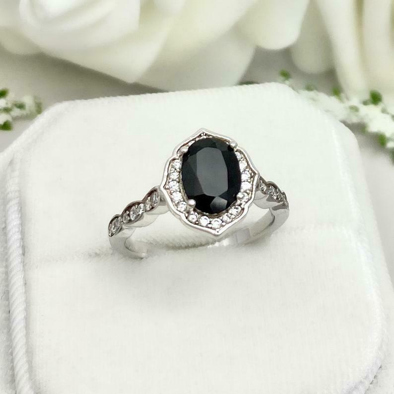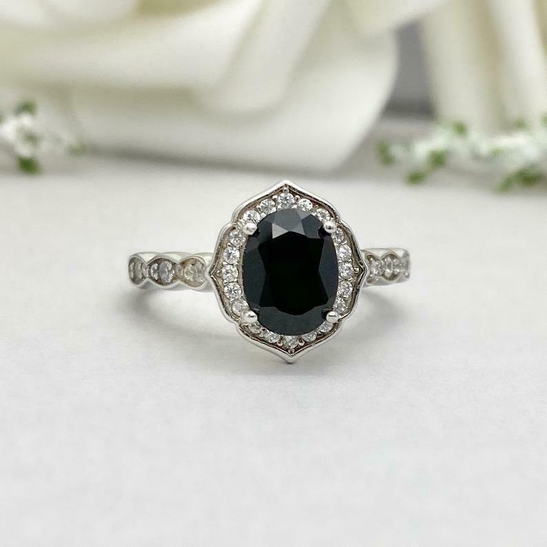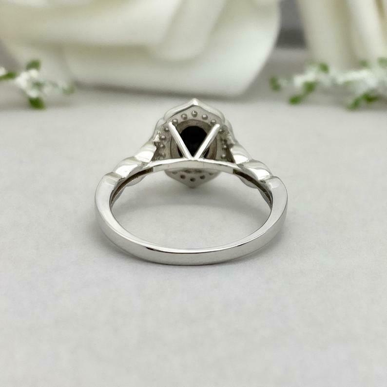 2.2ct Engagement Ring Oval Cut Black Diamond Halo Design 14k White Gold Finish
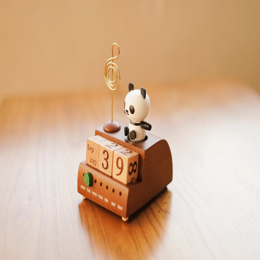 Wooden panda calendar music box, desktop bedroom ornaments ornaments toys
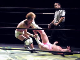 佐藤再度コーナーに上って石井の足へのミサイルキック、そして足4の字固め(右写真)。石井苦しみながらロープに。
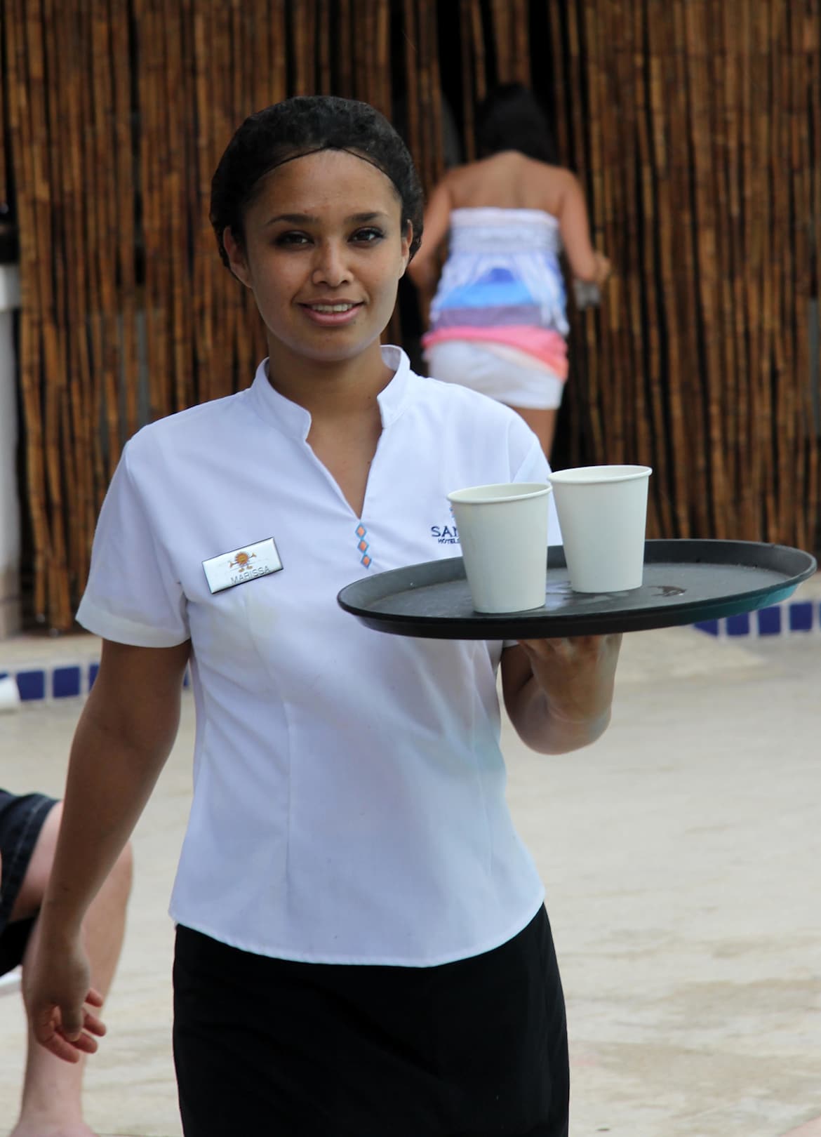 Fleissige Servicesmitarbeiterin am Pool immer freundlich und nett sind die Mitarbeiterinnen des Getränkeservice im Poolbereich
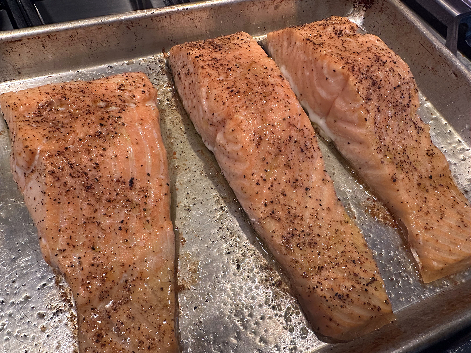 We purchased one large piece of salmon portioning it down to three 8-ounce pieces. For an even heftier meal, add some canned chickpeas, white beans or black beans (we opted not to). To finish, the vibrant tang of the bright ginger-scallion vinaigrette balances the richness of the roasted salmon.
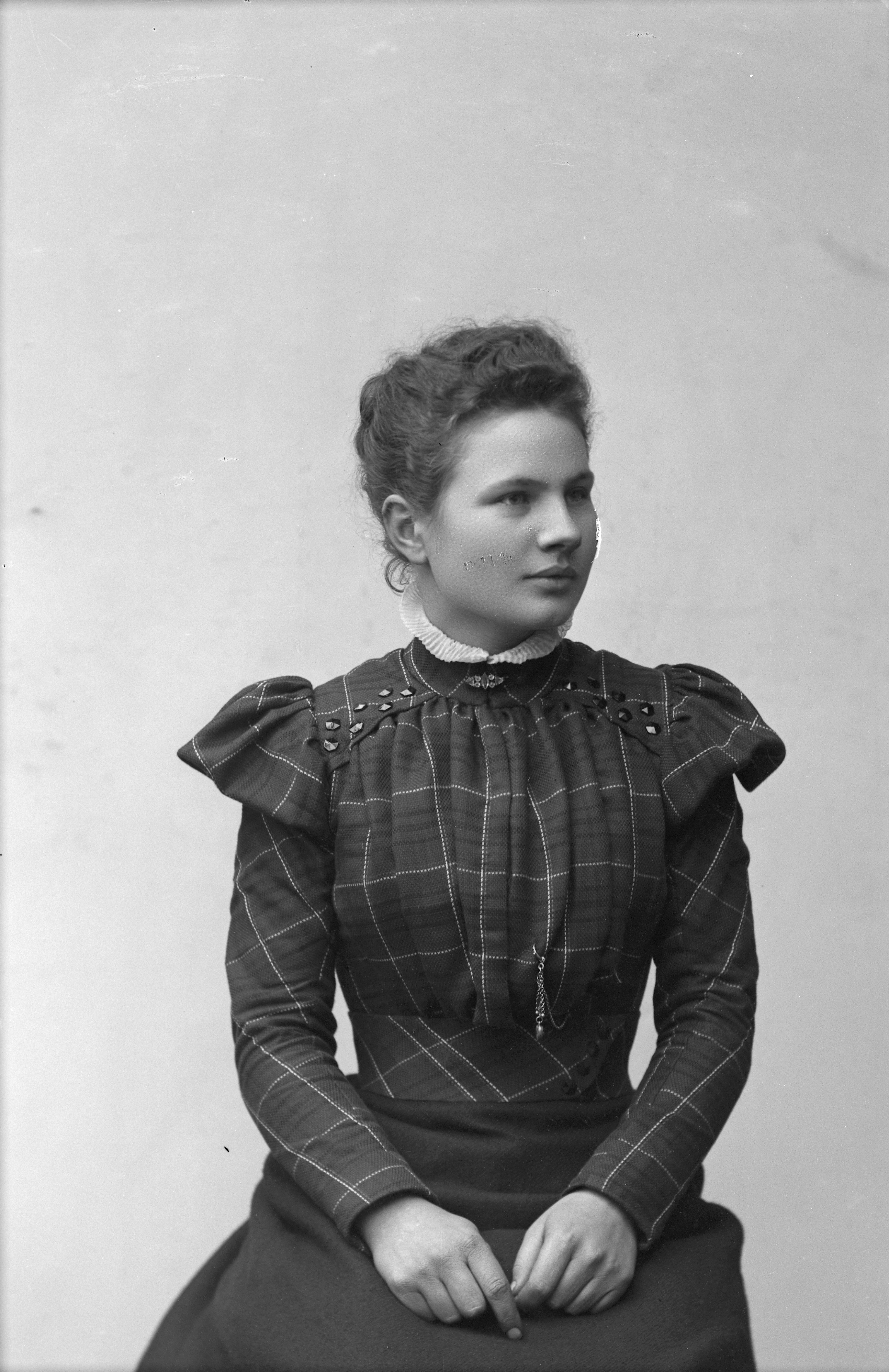Beskrivning: Porträtt i halvfigur av Elisabeth Sjögren.
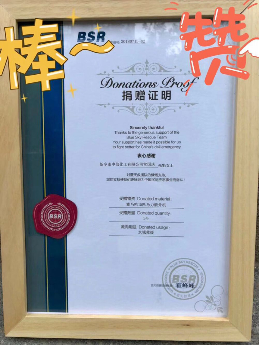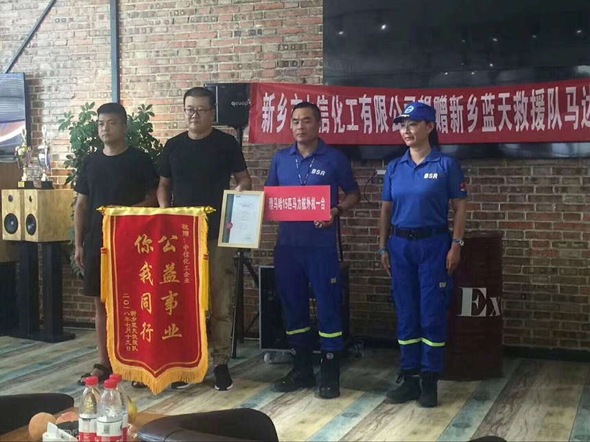 感恩生命,感恩生命中有您。中信化工一直心系社會,堅持社會公益,此次中信領(lǐng)導(dǎo)層來到新鄉(xiāng)藍(lán)天救援隊,向救援隊捐贈雅馬哈15匹馬力舷外機,幫助救援隊更好的水上救援。
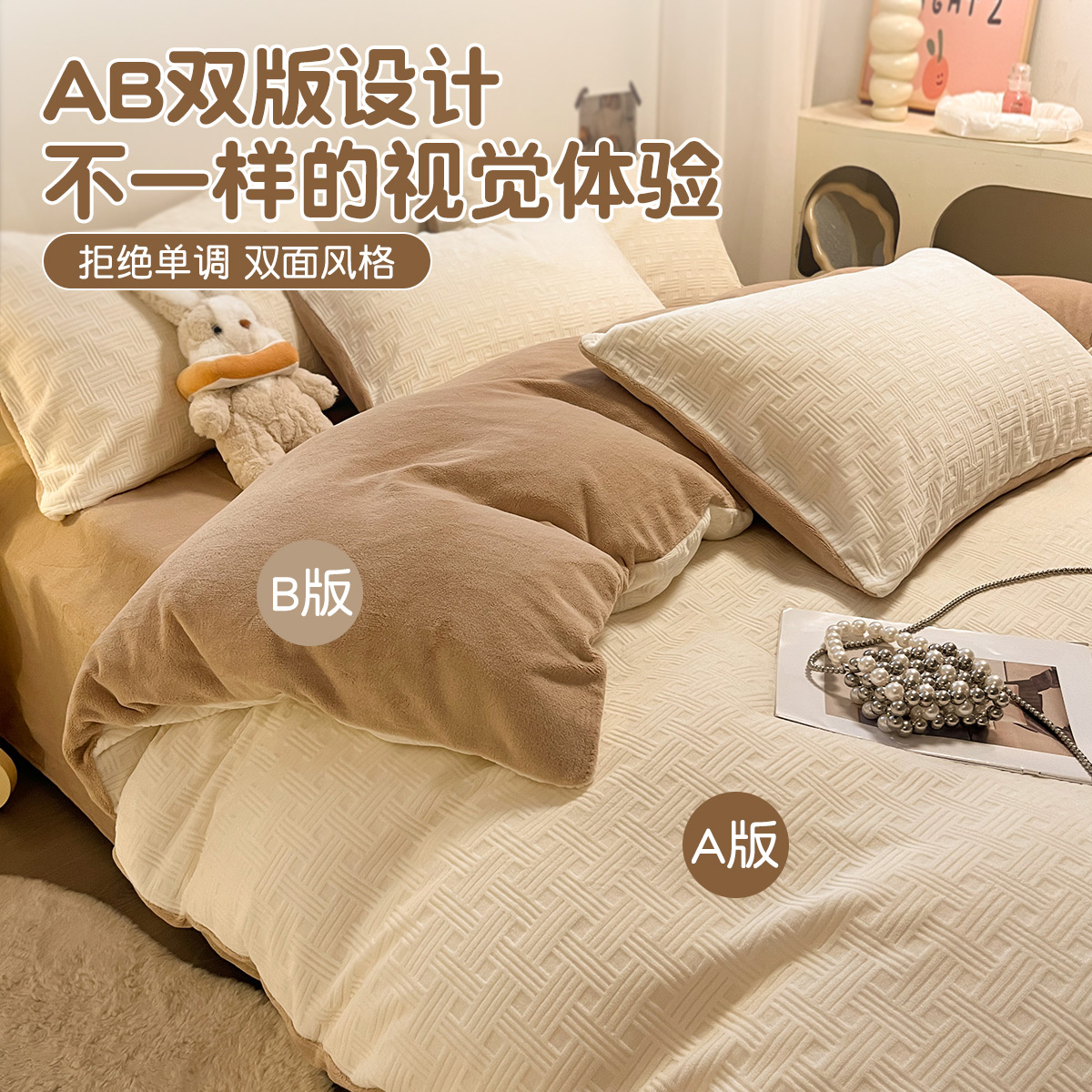 冬季 加厚牛奶绒被套单件加绒法兰绒被罩150x200冬天双面绒珊瑚绒
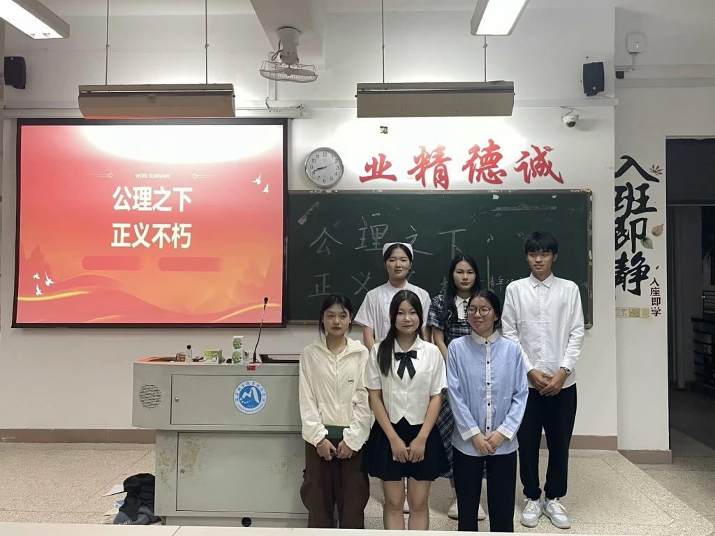 为提升闽卫院学子法律意识与法治思维能力,在校园内积极营造出尊法学法守法用法的良好氛围,2024年6月6日,青年法学社在教学楼209开展“公理之下正义不朽”PPT演讲比赛决赛。本次决赛由马克思主义学院郑冰老师、邹亚彤老师以及三位社团负责人担任评委。
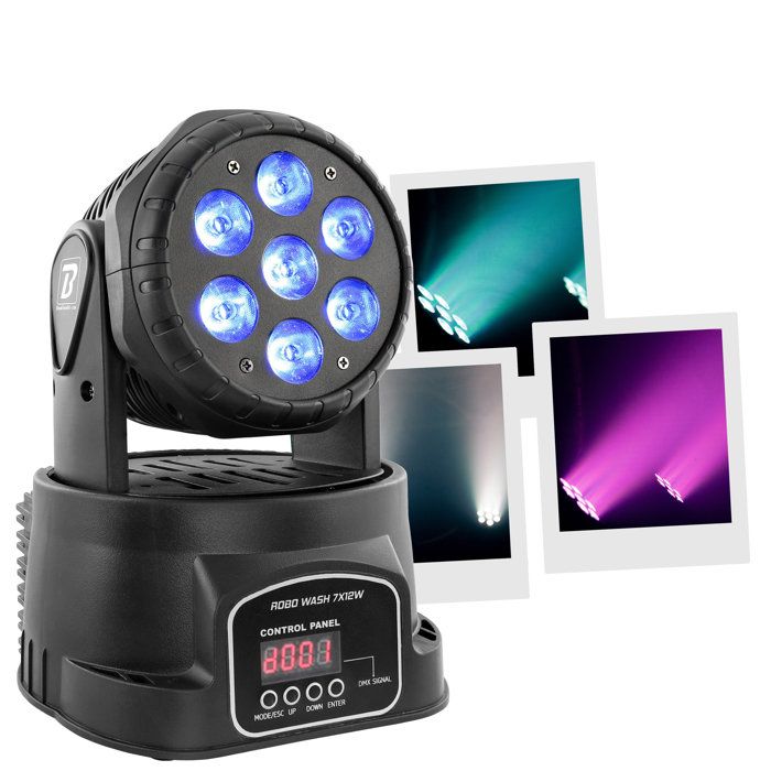 BoomToneDJ ROBO WASH 7X12W Lumière de scène LED RGBW 4in1, Dimmer, Stroboscope, Spot tête mobile, Lyre motorisée. Programmes automatiques, détection musicale, DMX, maitre/esclave.
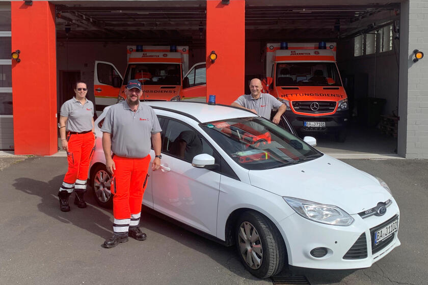 Am 27. Juli brachen nun drei weitere Helfer von der Schlüsselfelder Rettungswache aus Richtung Rheinland-Pfalz auf. Zugtruppführer Christian Skibak, Führungsassistent Anthony Brunner und Helferin Daniela Krapf werden im Rahmen des Standard Hilfeleistungskontingents Oberfranken für 72 Stunden vor Ort sein, bis sie wieder abgelöst werden. Sie bilden gemeinsam den Führungskopf einer Einheit, die einen Betreuungsplatz in der Krisenregion – voraussichtlich in einer der am stärksten betroffenen Regionen um Bad Neuenahr-Ahrweiler - aufbauen wird.
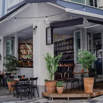 Apiri_greek eatery je ukázkovým zástupcem řeckého bistra v přístavním městě. S tisíci podobných podniků jej spojuje umístění na nároží úzké zastíněné uličky i propojení interiéru s uličním prostorem. Vzduch z ulice interiérem doslova profukuje.
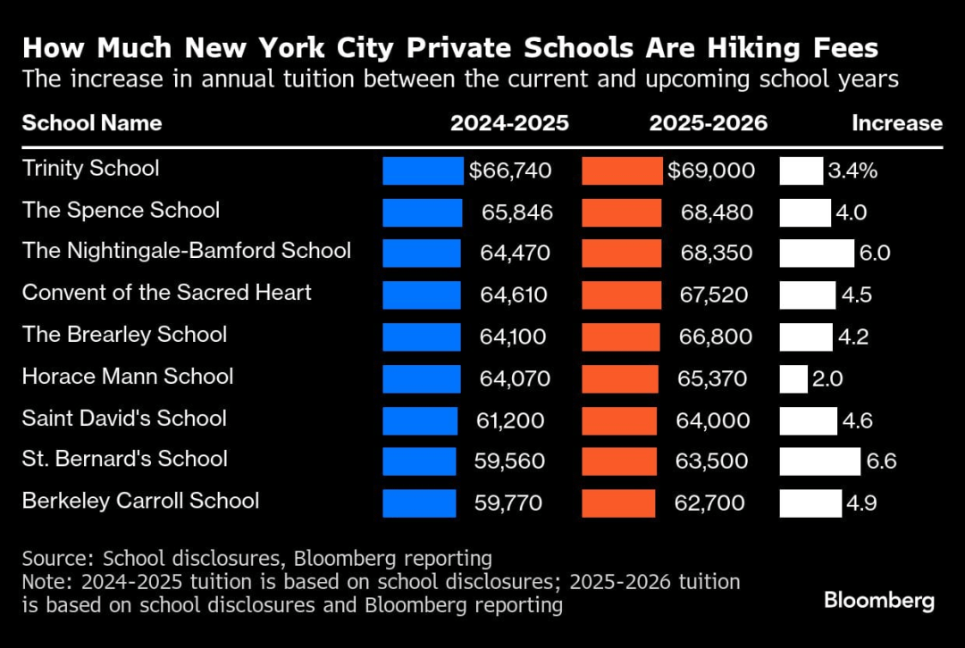 其次,运营成本涨得比通胀还快。纽约私校的学费中位数涨幅在4.7%左右,明显高于当下通胀水平。校园安保、健康饮食合同、教职员工的医疗保险和其他福利成本都在攀升,这些隐性账单不断累积,最终都摊到了家长身上。
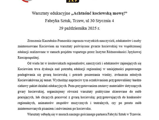 Zrzeszenie Kaszubsko-Pomorskie zaprasza wszystkich nauczycieli, edukatorów i osoby zainteresowane Kociewiem na warsztaty poświęcone gwarze kociewskiej we współczesnej edukacji, realizowane w ramach projektu wspartego przez Instytut Różnorodności Językowej Rzeczpospolitej.
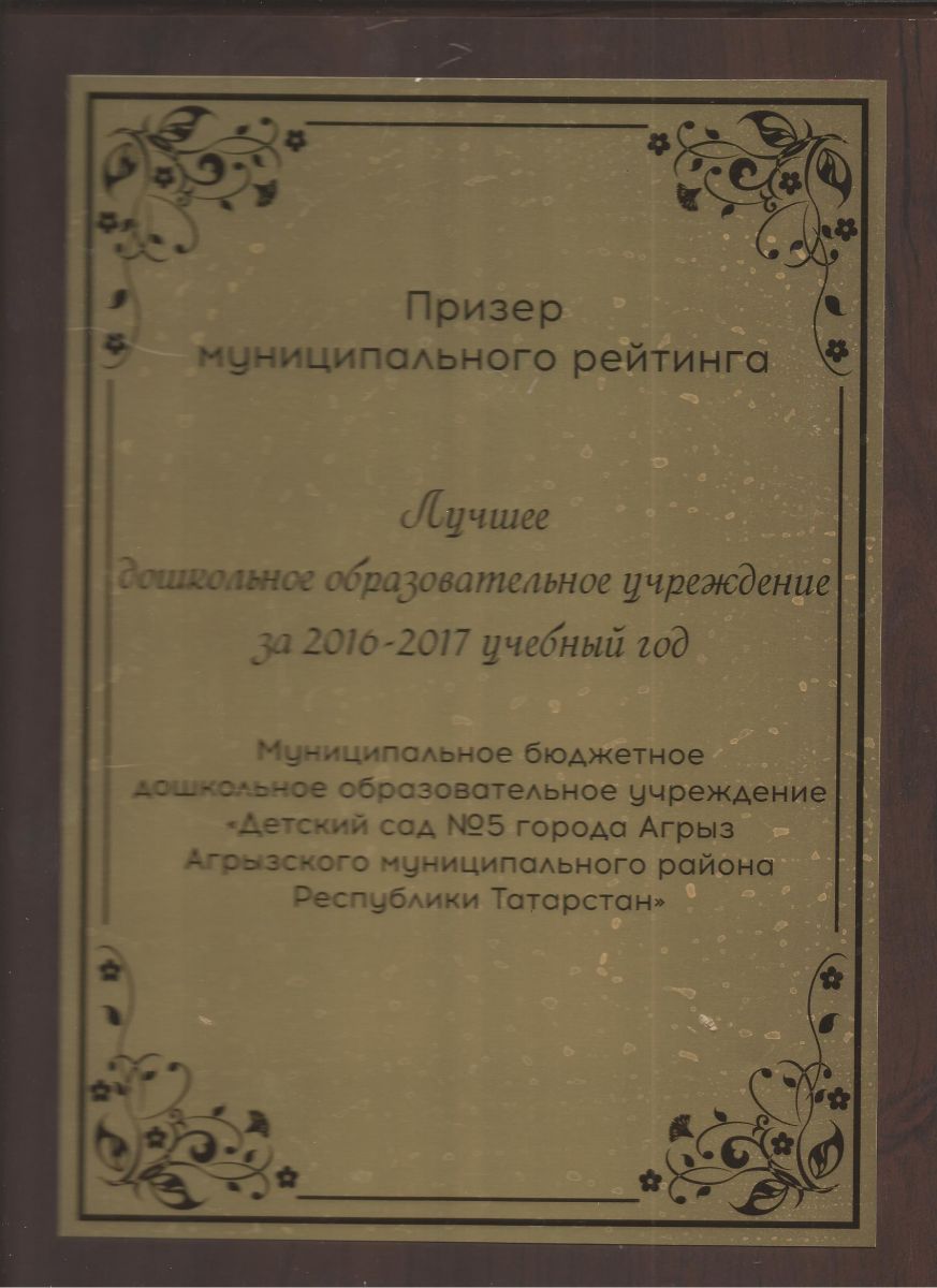 Призер муниципального конкурса "Лучшее образовательное учреждение", 2016 год.

▶ **Your task**:
Each entry above should be returned exactly as written, minus its pictures.

▶ **Response area**:
 2.2ct Engagement Ring Oval Cut Black Diamond Halo Design 14k White Gold Finish
 Wooden panda calendar music box, desktop bedroom ornaments ornaments toys
 佐藤再度コーナーに上って石井の足へのミサイルキック、そして足4の字固め(右写真)。石井苦しみながらロープに。
 Fleissige Servicesmitarbeiterin am Pool immer freundlich und nett sind die Mitarbeiterinnen des Getränkeservice im Poolbereich
 We purchased one large piece of salmon portioning it down to three 8-ounce pieces. For an even heftier meal, add some canned chickpeas, white beans or black beans (we opted not to). To finish, the vibrant tang of the bright ginger-scallion vinaigrette balances the richness of the roasted salmon.
Beskrivning: Porträtt i halvfigur av Elisabeth Sjögren.
 感恩生命,感恩生命中有您。中信化工一直心系社會,堅持社會公益,此次中信領(lǐng)導(dǎo)層來到新鄉(xiāng)藍(lán)天救援隊,向救援隊捐贈雅馬哈15匹馬力舷外機,幫助救援隊更好的水上救援。
 冬季 加厚牛奶绒被套单件加绒法兰绒被罩150x200冬天双面绒珊瑚绒
 为提升闽卫院学子法律意识与法治思维能力,在校园内积极营造出尊法学法守法用法的良好氛围,2024年6月6日,青年法学社在教学楼209开展“公理之下正义不朽”PPT演讲比赛决赛。本次决赛由马克思主义学院郑冰老师、邹亚彤老师以及三位社团负责人担任评委。
 BoomToneDJ ROBO WASH 7X12W Lumière de scène LED RGBW 4in1, Dimmer, Stroboscope, Spot tête mobile, Lyre motorisée. Programmes automatiques, détection musicale, DMX, maitre/esclave.
 Am 27. Juli brachen nun drei weitere Helfer von der Schlüsselfelder Rettungswache aus Richtung Rheinland-Pfalz auf. Zugtruppführer Christian Skibak, Führungsassistent Anthony Brunner und Helferin Daniela Krapf werden im Rahmen des Standard Hilfeleistungskontingents Oberfranken für 72 Stunden vor Ort sein, bis sie wieder abgelöst werden. Sie bilden gemeinsam den Führungskopf einer Einheit, die einen Betreuungsplatz in der Krisenregion – voraussichtlich in einer der am stärksten betroffenen Regionen um Bad Neuenahr-Ahrweiler - aufbauen wird.
 Apiri_greek eatery je ukázkovým zástupcem řeckého bistra v přístavním městě. S tisíci podobných podniků jej spojuje umístění na nároží úzké zastíněné uličky i propojení interiéru s uličním prostorem. Vzduch z ulice interiérem doslova profukuje.
 其次,运营成本涨得比通胀还快。纽约私校的学费中位数涨幅在4.7%左右,明显高于当下通胀水平。校园安保、健康饮食合同、教职员工的医疗保险和其他福利成本都在攀升,这些隐性账单不断累积,最终都摊到了家长身上。
 Zrzeszenie Kaszubsko-Pomorskie zaprasza wszystkich nauczycieli, edukatorów i osoby zainteresowane Kociewiem na warsztaty poświęcone gwarze kociewskiej we współczesnej edukacji, realizowane w ramach projektu wspartego przez Instytut Różnorodności Językowej Rzeczpospolitej.
 Призер муниципального конкурса "Лучшее образовательное учреждение", 2016 год.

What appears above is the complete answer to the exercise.